Por fonte: Jornal Meio Norte
16/01/2019 16:00:49 | Atualizada em

Conheça a mulher que implantou libras na saúde  do Piauí 

 

Imagine-se surdo e que acabou de sofrer um acidente de motocicleta. Para piorar, você é alérgico a algum medicamento muito comum em casos de urgência. E agora? Esse era um problema para os socorristas do SAMU do Piauí até que uma professora de libras, Patrícia Lima, implantou a Língua Brasileira de Sinais e expandiu esse projeto para diversos órgãos da saúde, capacitando os agentes para promover um atendimento inclusivo aos pacientes assistidos pela rede pública de saúde.

O projeto Libras na Saúde vem para sanar uma demanda antiga da sociedade brasileira. Embora libras seja considerada a segunda língua oficial do Brasil desde 2002, através da Lei Nº 10.436/2002, muitas pessoas acabam deixando esta competência um pouco de lado.

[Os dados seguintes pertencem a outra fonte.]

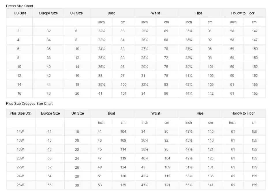 Мы настоятельно рекомендуем, чтобы ваши измерения были сделаны профессионалом с вашей одеждой перед покупкойПлатье
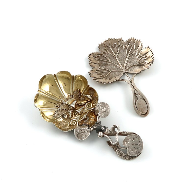 vine leaf shaped bowl, plus a Victorian silver caddy spoon, by Hilliard & Thomason, Birmingham 1852, gilded bowl embossed with shells, pierced lily pad tendril handle, approx. weight 0.7oz. (2)
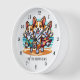 Create a funny personalised clock with three corgi dogs dancing on a beach. The template makes it easy to customise the Family name. This design is cute for a beach house, especially for Pembroke Welsh Corgi owners.
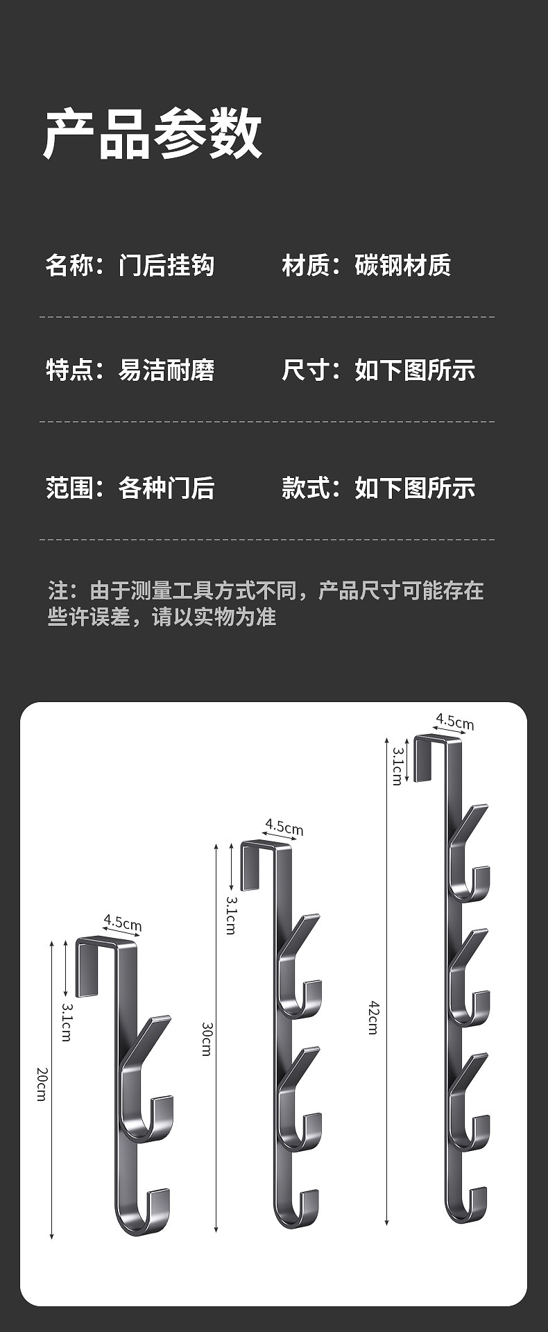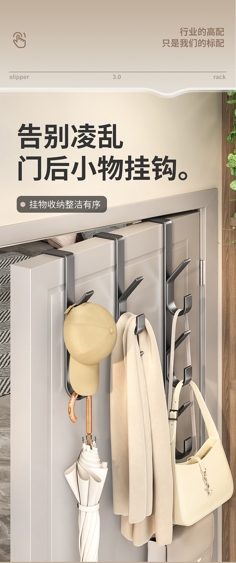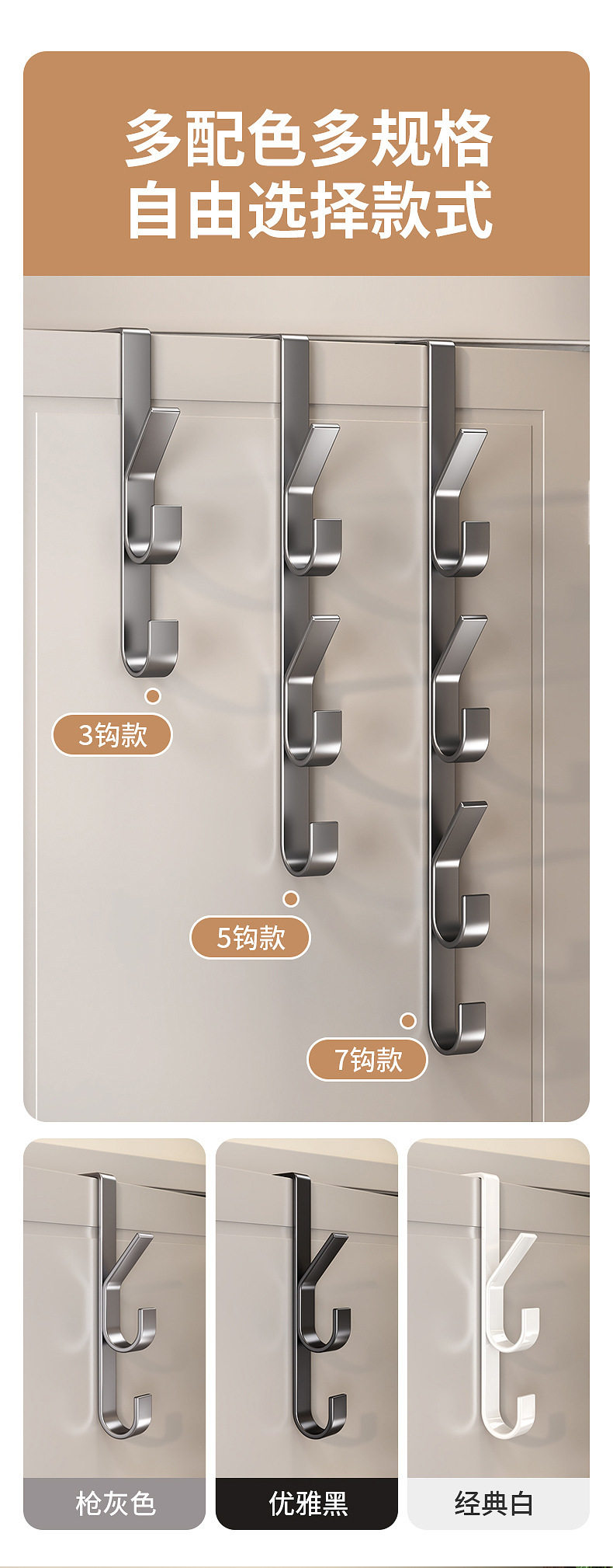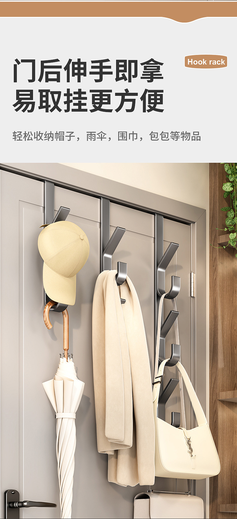门后挂钩竖排免打孔金属挂衣钩门上挂包置物架包包帽子收纳神器
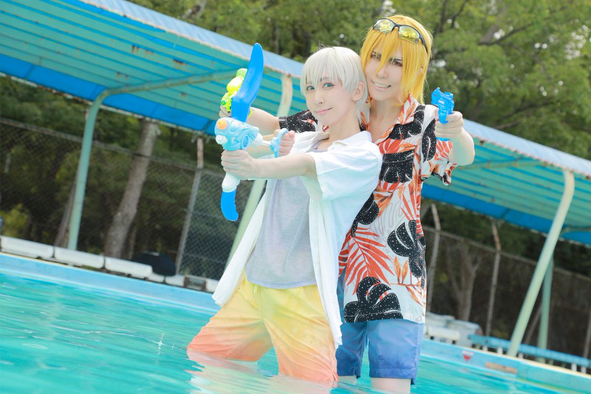【cos/dcst】 さぁて、俺たちに勝てるかな? ┈┈┈┈┈┈┈┈┈┈┈┈ ダッ〇ュストア+αで水遊び龍羽! アロー型の水鉄砲✨ 🐉:@kagetsu88 🏹:@nax2iro 📸:@kiku_o3o

Mas para aqueles profissionais que lidam diretamente com o público, este tipo de comunicação é fundamental.

Estes são os gestos de emergência, fundamentais até para confortar o paciente. “Imagine como esta pessoa se sente ao saber que o médico que lhe atende consegue pedir para ele ficar calmo, em libras?”, questiona Patrícia Lima,  que já formou duas turmas de profissionais da saúde com a competência, sendo uma no Serviço de Atendimento Móvel de Urgência (Samu) de Teresina e no Hospital e no Instituto de Doenças Tropicais Natan Portela (Idnp).

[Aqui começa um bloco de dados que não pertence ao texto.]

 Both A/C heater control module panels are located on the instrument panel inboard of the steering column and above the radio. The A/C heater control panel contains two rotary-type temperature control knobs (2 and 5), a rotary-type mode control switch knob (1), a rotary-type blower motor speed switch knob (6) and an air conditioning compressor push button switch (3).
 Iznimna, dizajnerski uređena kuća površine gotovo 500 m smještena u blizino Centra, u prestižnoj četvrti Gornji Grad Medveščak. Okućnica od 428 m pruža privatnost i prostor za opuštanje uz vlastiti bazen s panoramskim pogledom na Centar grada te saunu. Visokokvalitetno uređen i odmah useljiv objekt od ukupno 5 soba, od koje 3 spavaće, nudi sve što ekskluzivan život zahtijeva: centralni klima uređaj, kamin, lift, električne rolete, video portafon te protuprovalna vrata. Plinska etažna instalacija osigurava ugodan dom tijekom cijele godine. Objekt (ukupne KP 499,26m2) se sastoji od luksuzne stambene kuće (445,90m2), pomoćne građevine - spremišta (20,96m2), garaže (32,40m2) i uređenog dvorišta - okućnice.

A ideia é que o curso seja estendido a todos os profissionais da saúde de Teresina, através de plataformas online e capacitações. Sabe-se que pelo menos 5% do quadro destes profissionais deve saber Libras, sob as diretrizes  da Lei Nº 5.626/2005. No entanto, na prática, nem sempre essa legislação é seguida à risca.